I had some limited knowledge of the Portuguese’s role in colonial history, but I had no appreciation of how advanced the society was or the countless achievements of the Portuguese explorers. While the Spanish and the British may have established more powerful and prestigious empires, it was the Portuguese who provided the founding steps to globalisation. Portugal discovered and colonised the Azores in the mid-Atlantic in the early 15th century, which began an era that is much celebrated by the Portuguese, “The Age of Discovery”. Portugal was the first European power to round the West African coast and prove that the world does not terminate there (which was commonly believed). Many scholars now contend that by the end of the 15th century, Portugal was aware that the world is round and had calculated an almost accurate estimation of the planets dimensions; which is why Columbus was first rejected by the Portuguese court because they knew that India is thousands of kilometres further than what Columbus had claimed. Portuguese explorers became the first to round the Cape of Good Hope and thus establish a trade route to India. They discovered Brazil, founded trading outposts on Zanzibar, Africa, the Persian Gulf, Goa, Malaysia and even China (Macau) and reached Japan. All this was achieved while the rest of Europe was occupied by the Catholic-Protestant divide and subsequent wars. Eventually other European powers obviously became jealous of the wealth the Portuguese were generating from their monopoly on trade with the Eastern world and thus began the nation’s four century descent into irrelevance. For a while there though, that infinitesimal strip bordering the Atlantic probably consisted of the most advanced society on the planet.

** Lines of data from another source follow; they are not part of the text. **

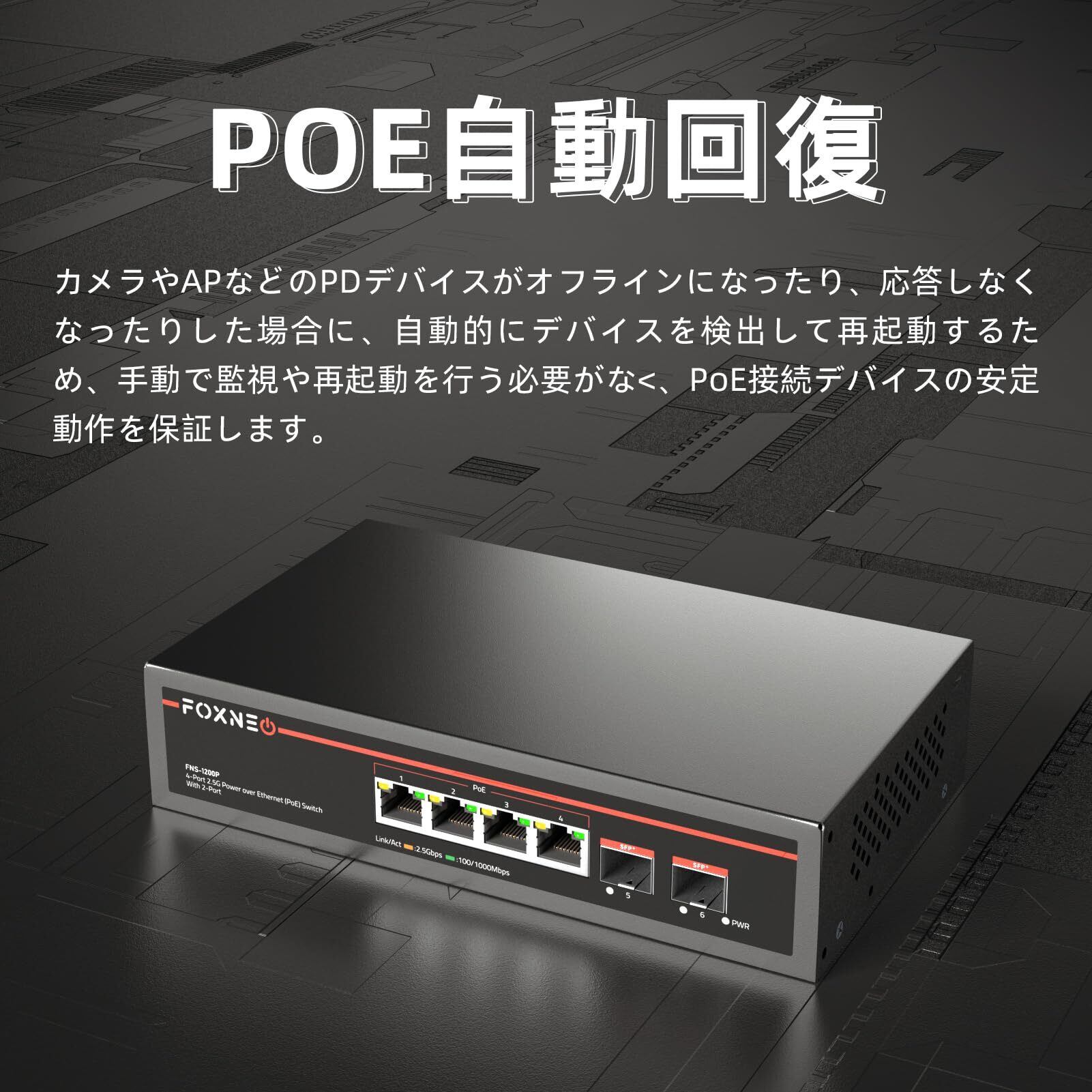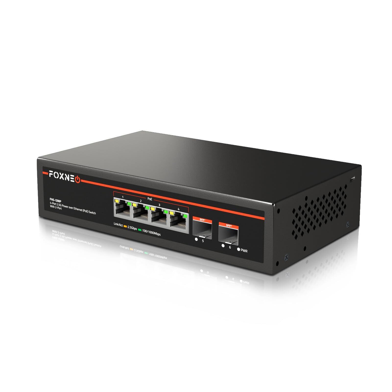 2.5gbps スイッチングハブ PoE機能搭載 6ポート(4x2.5G RJ45(PoE)と2x10G SFP+)各ポート最大30W 総合75W対応 個人や家庭向けのスイッチングハブ 静音ファンレス設計 デスクトップや壁掛け設置可能 金属筐体 プラグアンドプレイ アンマネージド スイッチングハブ
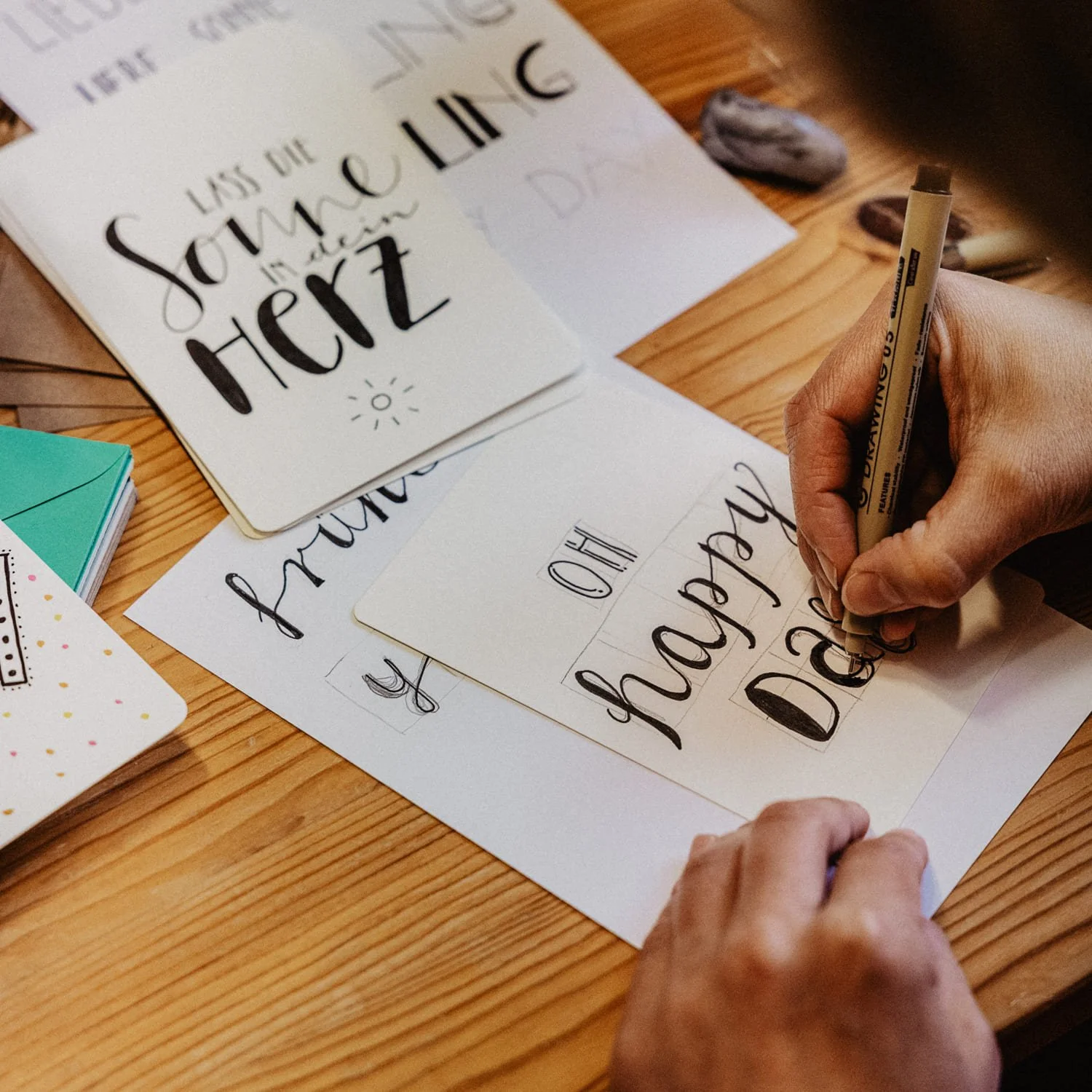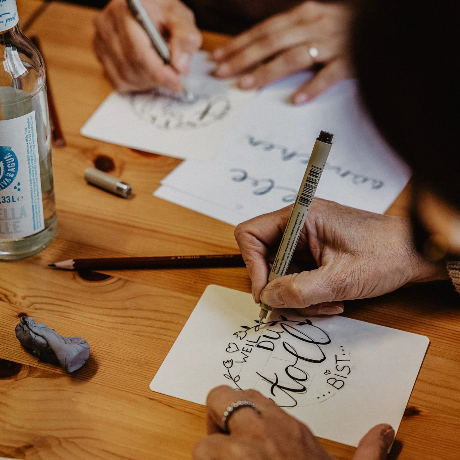 Hierbei machen wir gemeinsam künstlerische Schreibübungen und ich zeige dir Techniken, die es dir ermöglichen deinen eigenen Stil zu entdecken. Du lernst, wie du deine Schrift in Szene setzen kannst und gönnst dir gleichzeitig eine kleine Auszeit vom Alltag.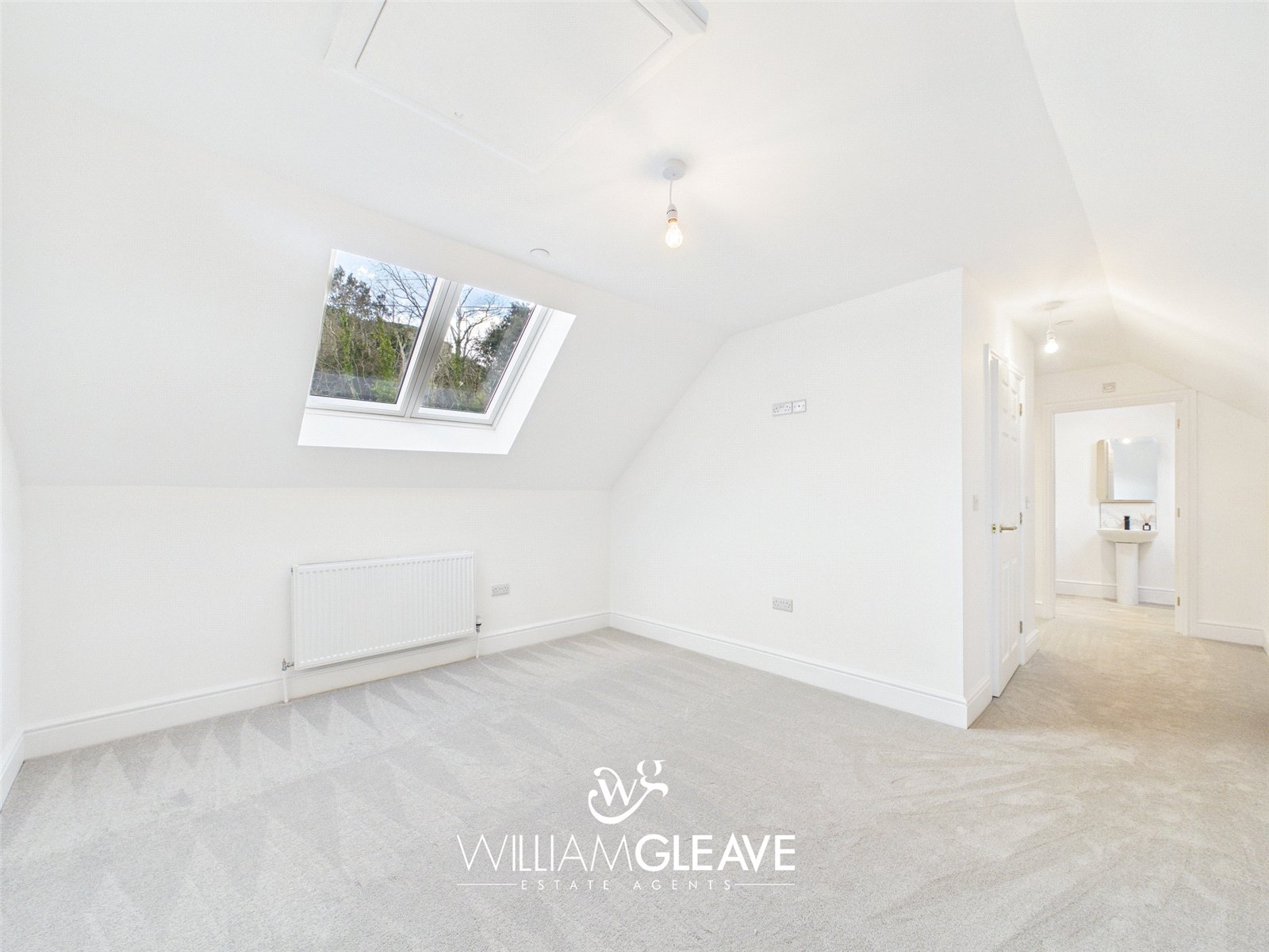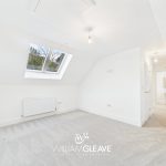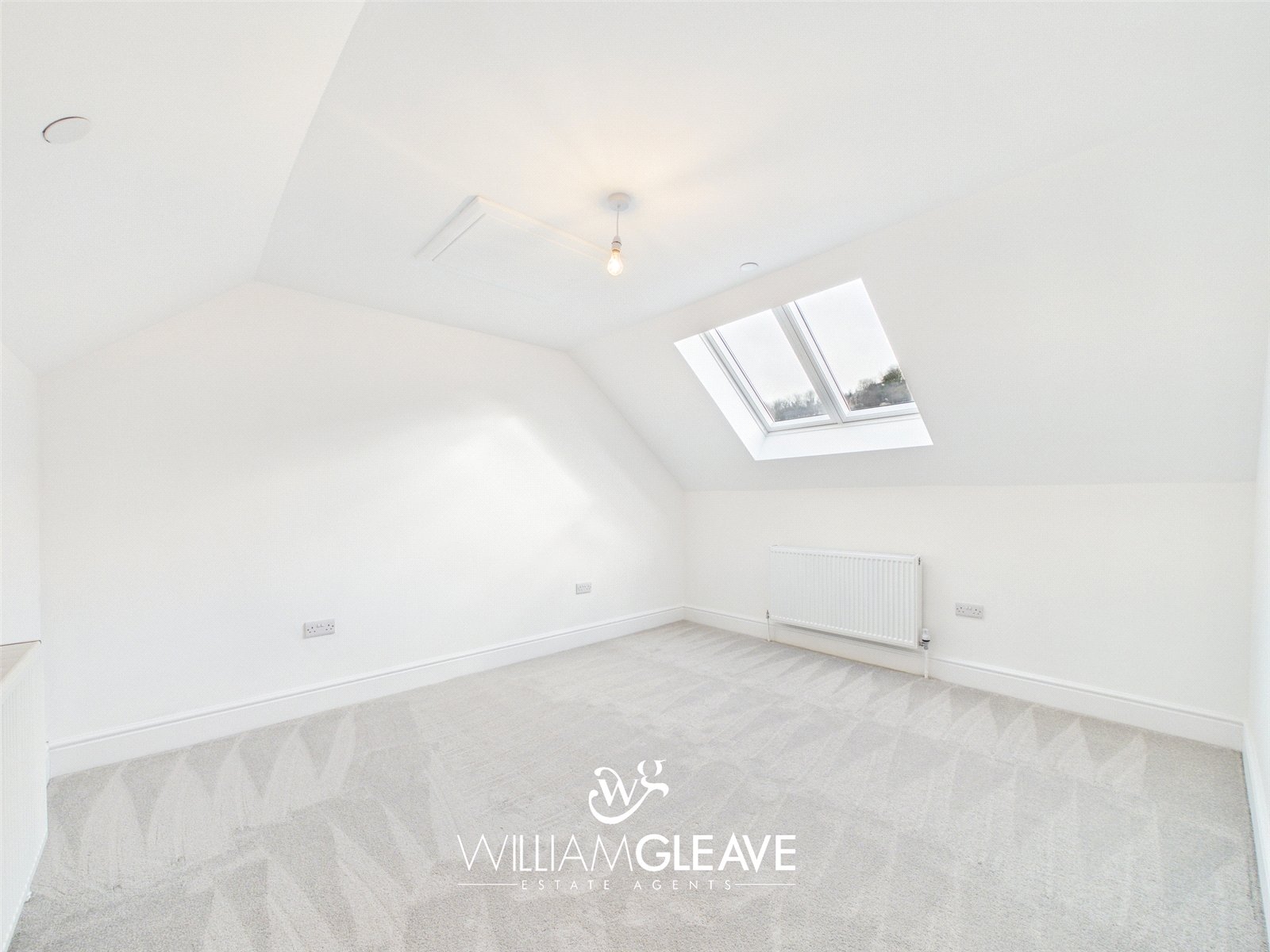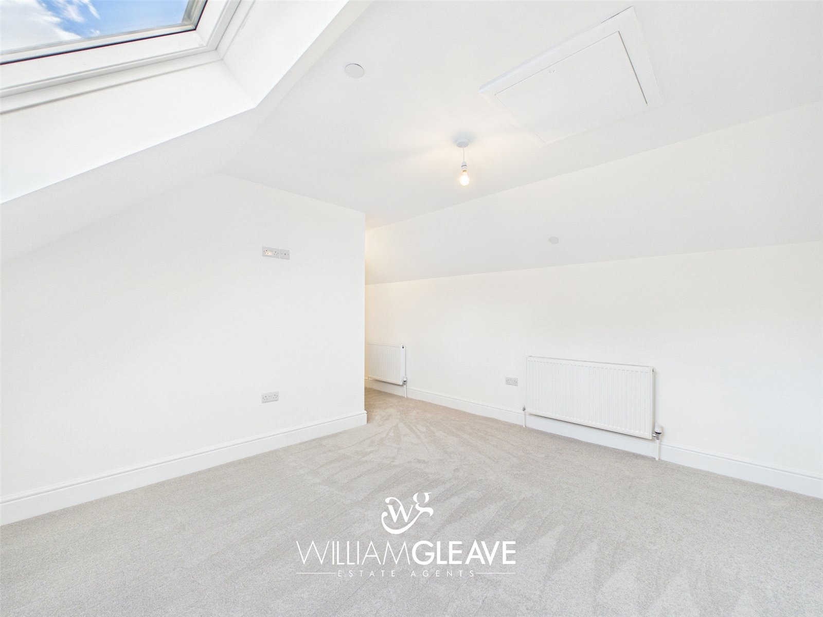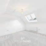This generous double bedroom features two skylight windows that brighten the space and create an airy, welcoming atmosphere. The room includes a radiator, carpet flooring, a TV point, and multiple power points for convenience. With ample space for essential bedroom furnishings and a double bed, it offers a comfortable and versatile layout ideal for everyday living.

I first visited the stunning city of Porto, aptly named by the Romans as it was a strategic port in their empire. The fact the Porto isn’t the capital of any nation or autonomous region and that it isn’t an economic centre really excited me, I liked the idea of being in a big and interesting city that has no global importance. An unexpected benefit from that lack of status was the absence of package tourists and it consequently felt like the most authentic city in Europe that I’ve been to. Porto quickly became one of my favourite destinations of the trip and I was fortunate enough to enjoy four days of glorious blue skies and (relatively) warm weather.

I was completely gobsmacked when I heard the Portuguese language for the first time in Porto as I had no idea that it sounds just like Russian or Serbian! I always assumed that the language would be similar to Spanish. Even though the writing is similar to Spanish, the pronunciation is completely different as they seem to apply a deep Slavic accent when they speak!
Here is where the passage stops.